The nihility in Snow Country has deeply penetrated the tradition of Japanese classical literature, and it is an "oriental" nihility. Although Kawabata Yasunari was dissatisfied with the present situation of the literary world when he first came to the literary world, he once launched a "new feeling movement" with Yokomitsu and others, trying to create a brand-new feeling world by means of Dadaism, Expressionism and other western modernist methods. He did not attach importance to the Japanese literary tradition and once "tried to deny it and exclude it."
However, after middle age, Yasunari Kawabata found himself more and more "having never experienced western-style grief and distress, and I have never seen western-style nothingness and decadence in Japan". He began to move closer to tradition.

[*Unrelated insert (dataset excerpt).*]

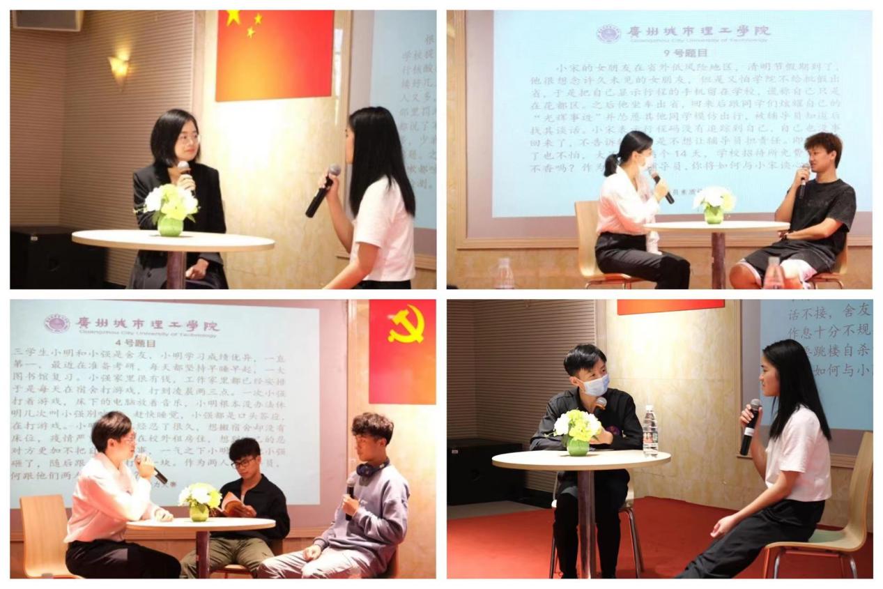 决赛采用主副评委制度,主评委由二级学院没有参赛选手的书记担任,副评委为由各二级学院选派学生代表担任。决赛的比赛形式为谈心谈话,此环节主要考察辅导员对相关理论与政策、学生特征的了解把握情况,对学生的教育引导效果以及沟通与提炼问题的能力。通过情景再现的形式,展现辅导员与学生们进行面对面地深入交流过程,谈话内容涉及思想政治教育、心理健康、日常管理、就业创业等多个方面。选手们用生动形象的例子、精湛的理论知识、深入浅出、用春风润物般的语言疏导同学们的情绪、引导他们认识问题、解决问题。现场吕诗老师通过对法律的仔细讲解,让学生深刻理解了我们为什么不可以随便在网络上传播他人隐私的照片或视频;师雯俏老师通过一个火车司机如何选择哪条道路的故事,让学生深刻理解了我们国家为什么执行现在的防疫政策,现场的师生都深有感触。
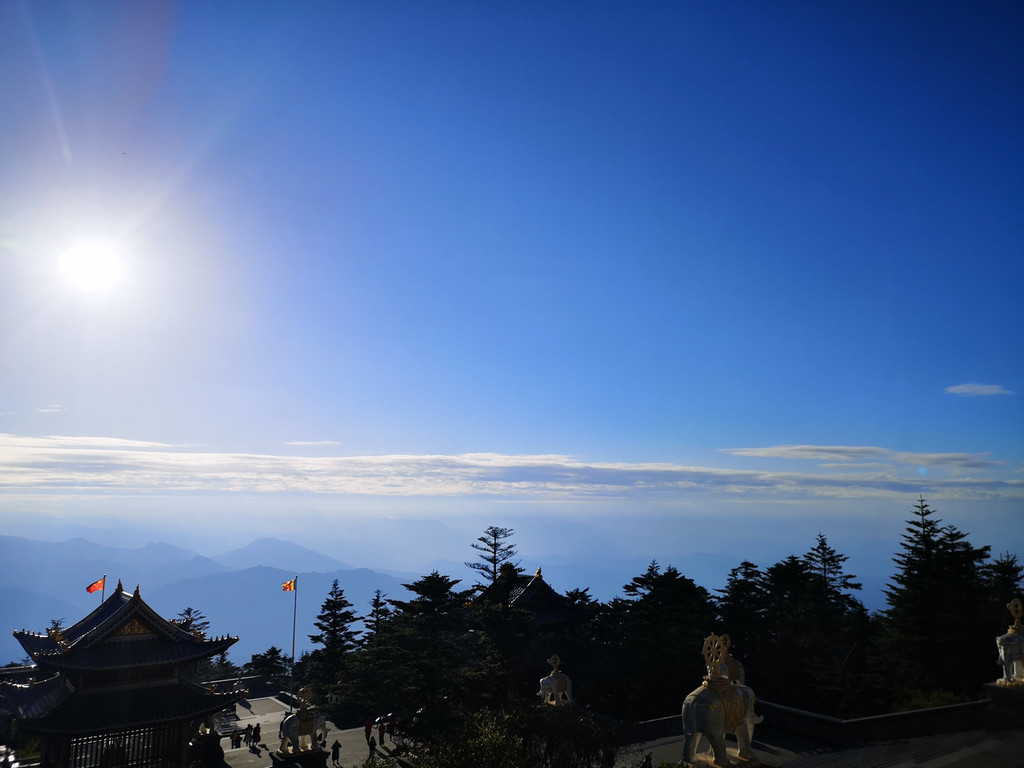 当天边开始出现亮光时,人们开始骚动起来。渐渐地天越来越亮,白云边缘被日光染成金红色,刚开始暗红色的太阳只是在云层边缘露出一丁点儿,慢慢地大半个太阳露了出来。不一会儿,红彤彤的太阳便跃出云层,这时四周的山峦与金顶都被阳光镀上一层金色,四面十方普贤金像与金顶大殿沐浴在霞光中金光闪闪。

When writing Snow Country, in order to write the beauty that does not exist in this world, he can only seek creative inspiration from Japanese traditional culture.
Extended information:
Creative background
The nihility shown by Yasunari Kawabata in Snow Country is the same as the thought of mourning for things in Tales of Genji. The first layer of mourning is touching people. Especially the sadness of the relationship between men and women. This is manifested in the creative motivation of Snow Country.
Yasunari Kawabata once said, "I wrote both The Dancer of Izu and The Snow Country with gratitude for love. This kind of performance was simply expressed in The Dancer of Izu, but it went a little deeper in Snow Country and made a painful performance." It is a tradition of Japanese classical literature to express sad thoughts from the love between men and women.
In Snow Country, Koko really falls in love with Shimamura. Shimamura clearly knows that Koko has a crush on him, but he thinks that Koko's pursuit of love and even her survival itself is futile. Sadly, Shimamura lives in Koko for life, and the sad sea of women's love for love is drifting, and his heart is soaked with bitterness.